Just a year ago, I lived a parallel life with most of my close companions. No one prepared me for the separation I sometimes feel as I continuing building. Instead, familiar faces fade faster than I imagined. I don’t feel as though these friends are against me, but rather cheering me on as I reach new heights.
Think of a racetrack: If you are someone who sees at the glass half empty, you may believe that I’m racing ahead of them. But in actuality, I’ve changed positions. We all use to be spectators in our own dreams. Then I started moving closer to the track, and eventually I was running my race.
Now, back to my building… I am not much of a builder, and no one close to me built something similar before. So this space is sometimes uncomfortable, and I panic or make rookie mistakes. At times, I want to tear down this building and restart anew. Just so I can play my favorite tunes over and over. But I realize that if I do, I will never be able to move from dancing in the same space. And I won’t ever truly feel accomplished.
My reassurance from God is what gets me through. He promised me a life of bountiful blessings, and I stand on his word. It gives me strength to build a more meaningful relationship with Him in the meanwhile. And it keeps me sane. It keeps me optimistic, and overall it makes me more appreciative to be in this place of separation.
It is said, “as one grows deeper and more spiritual we began to look at life with a fresh set of eyes.” This is happening to me. I see things differently, and am learning to embrace the new tunes that play. I think I’ll call them God’s Melody Synced Specifically for Bea.
I call this Destiny’s Revenge because my destiny was revealed to me long before I started pursuing it.

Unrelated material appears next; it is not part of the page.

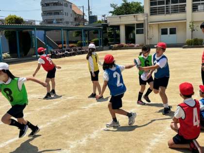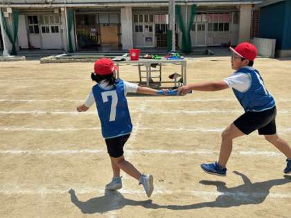 4年生は運動会で行うリレーの練習です。チームに別れてバトンを渡す練習をしました。走ってくる友だちとタイミングを合わすのは難しいようで、はじめは上手く行かないようでしたが、声をかけ合って頑張っています。本番を楽しみにしてください。

I always knew that God’s gift would mean changes in my life, but I never realized it would force a feeling of isolation in the midst. So during this trying time, I hold firm to God’s promise, and I see changes in my life that I never would’ve seen playing those old tunes. It’s nerve wrecking – yet rewarding, and I’m loving God’s Melody better when I think of how much I’ve accomplished just by changing the music.
I guess Destiny’s Revenge isn’t so bad after all.